Monday, March 14, 2011

Inside Austin City Limits

Thursday night I was down in Austin, making a side trip to visit our friend Momo in her new home city. I’ve always said, either you’re an Austin person, or your not. For me, it’s a good place to visit, but I wouldn’t want to live there. For Mo, it’s just the right kind of crazy.

Think of New York on Xanax. It’s the same kind of intensity, just at a slower pace. Or maybe Los Angeles with a twang, given the amount entertainment focus they have (the SXSW film fest was starting up Thursday night, and Austin City Limits will be in the fall). And maybe even Seattle with sun, given the fervor for “alternative – buy local – go green” you’ll find. And I even found myself walking the 6th Street club scene thinking of Bourbon Street without the lingering scent of pee and vomit.

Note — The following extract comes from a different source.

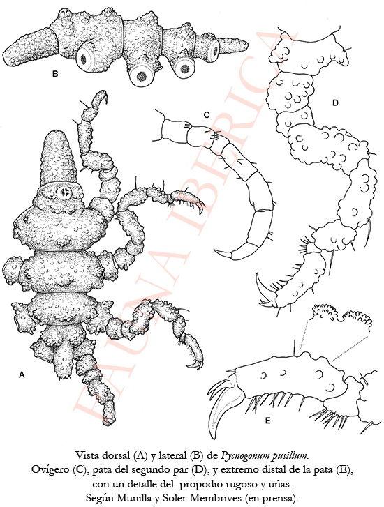 Longitud corporal entre 2 y 3 mm y longitud de las patas delanteras similar a la longitud corporal. El tegumento está cubierto de pequeñas verrugas o gránulos separados (tipo Chagriné de Bouvier, 1923), con algunos granitos diminutos sobre cada gránulo. Tronco doble de largo que de ancho, macizo y plenamente segmentado, con segmentos que van disminuyendo en tamaño (anchura y longitud) a medida que nos acercamos al abdomen. Cada segmento (excepto el cuarto), posee una ligera prominencia verrucosa o tubérculo dorsomedioposterior romo, visible de perfil. Las prolongaciones laterales son cortas, casi tan anchas como los segmentos y separadas en V; también cuentan todas ellas con un leve tubérculo dorsodistal, siendo los del primer par los más pequeños. Zona anterior del céfalon más o menos recta. Tubérculo ocular romo, más ancho que alto, que porta cuatro ojos pigmentados. Probóscide con perfil ventral recto y el dorsal curvo, troncocónica en su mitad distal y cilíndrica en la mitad proximal, recta, con rugosidades y sin tubérculos especiales. Abdomen subcilíndrico, recto, sin tubérculos y romo, con hendidura rectal visible en su extremo y que alcanza el final de las segundas coxas del cuarto par de patas. Sin quelíceros ni palpos en adultos ni en juveniles. Ovígeros de siete artejos solamente en machos (característica del subgénero Retroviger) y acabados en uña curvada; poseen escasísimas espinas pequeñas. Los artejos cuarto al sexto son más grandes que el segundo y el tercero. Primer y segundo par de patas de longitud similar al cuerpo y más grandes que las posteriores, pero provistas de gránulos como el resto del cuerpo; la disminución de su tamaño a medida que se acercan al abdomen es parangonable a lo que ocurre con el tamaño de los segmentos. La primera coxa es mayor que cualquiera de las otras dos y porta dos tubérculos laterales, excepto las del primer par de patas. El fémur es el artejo más desarrollado de la pata y posee dorsodistalmente una giba rugosa. Primera tibia más larga y ancha que la segunda. Fémur y tibias poseen alguna espina lisa dorsal más larga que otras, pero carecen de espinas ventrales. Tarso compacto y ventralmente espinoso. Propodio algo curvado, sin espolón, de similar anchura en ambos extremos, con espinas finas y similares a lo largo de los dos lados pero más abundantes en la suela. El propodio de las primeras patas tienen más espinas en su suela que el de las patas traseras –la primera pata presenta 10 mientras que la cuarta pata solo lleva 5–. Uña principal tan larga como la mitad del propodio. Las uñas auxiliares miden 1/3-2/5 de la longitud de la principal.

Drivers are their own kind of thing down there. About 90% are kamikaze drivers, barreling through intersections, changing lanes with abandon and giving only moderate consideration to the laws of physics let alone the traffic code. The other 10% are Midwest friendly, waving at you from the other side of the 4-way stop – “No, you go!” And you can never be sure which is coming towards you, but you should be ready to dodge either way.

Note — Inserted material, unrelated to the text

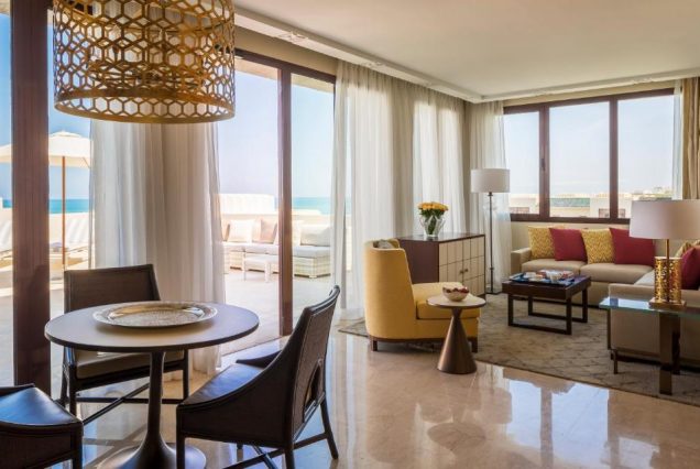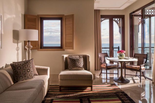 — Приветственный ритуал с освежающими напитками и welcome-фруктами на балконе люкса с видом на море

You gotta love Austin food. Fussy doesn’t really cut it. Foods that can be wrapped in a tortilla or smoked over pecan wood take precedence. And a brisket taco is pretty much alpha and omega of Austin food. Especially if you can get it from one of the food trucks that have taken over downtown in the last couple of years. The only thing I was really missing as we wandered around 6th Street was a donut truck. Trust me, Austin. Hot, fresh doughnuts straight out of the fryer would be killer when you’ve had too much to drink. You’ll make a fortune. Nothing soaks up beer like fried bread.

But if you go to Austin, be sure you know somebody. Because the only way you’ll really know what’s going on is if you know a guy, who knows a guy, who dates this girl, who used to be in a band with some other girl. Because that girl is going to be the one who’s been to the newest place, with the hottest band and the coolest scene. Facebook’s got nothing on the Austin social network. By the time the newest place has made it into a newspaper, or god-forbid a guide book, everybody is on to someplace else.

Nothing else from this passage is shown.